§ Task: Leave the pictures aside and copy all the data exactly.

§ Input data:
::::::::

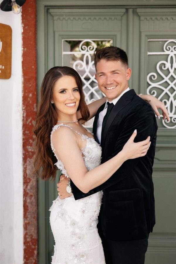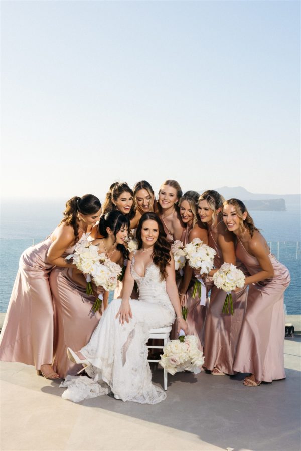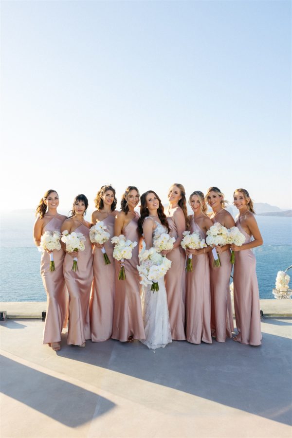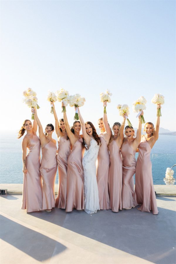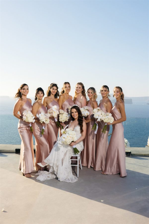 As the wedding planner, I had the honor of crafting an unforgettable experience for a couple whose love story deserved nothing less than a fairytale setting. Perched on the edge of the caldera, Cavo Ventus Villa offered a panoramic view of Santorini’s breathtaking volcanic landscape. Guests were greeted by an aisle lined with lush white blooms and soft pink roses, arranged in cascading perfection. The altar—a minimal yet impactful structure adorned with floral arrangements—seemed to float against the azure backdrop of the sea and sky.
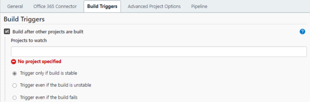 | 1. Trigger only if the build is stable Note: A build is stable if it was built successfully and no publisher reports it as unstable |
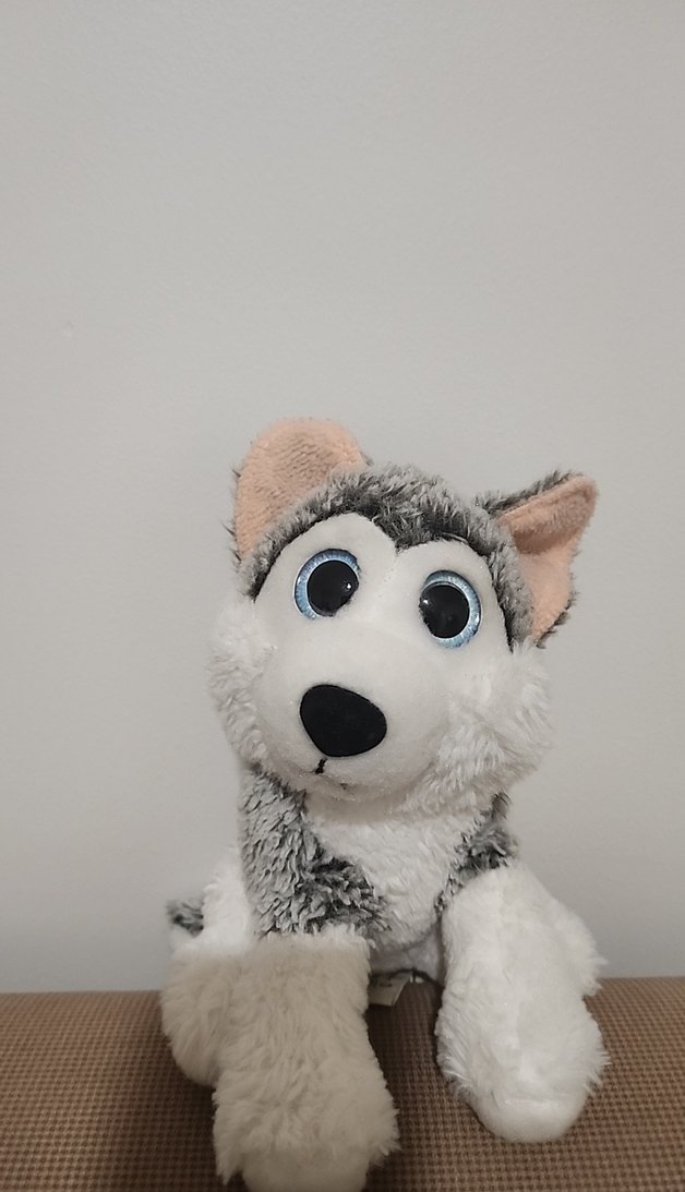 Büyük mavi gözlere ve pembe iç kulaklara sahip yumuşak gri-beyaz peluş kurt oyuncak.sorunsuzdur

::::::::

§ Answer to this task:
 As the wedding planner, I had the honor of crafting an unforgettable experience for a couple whose love story deserved nothing less than a fairytale setting. Perched on the edge of the caldera, Cavo Ventus Villa offered a panoramic view of Santorini’s breathtaking volcanic landscape. Guests were greeted by an aisle lined with lush white blooms and soft pink roses, arranged in cascading perfection. The altar—a minimal yet impactful structure adorned with floral arrangements—seemed to float against the azure backdrop of the sea and sky.
 | 1. Trigger only if the build is stable Note: A build is stable if it was built successfully and no publisher reports it as unstable |
 Büyük mavi gözlere ve pembe iç kulaklara sahip yumuşak gri-beyaz peluş kurt oyuncak.sorunsuzdur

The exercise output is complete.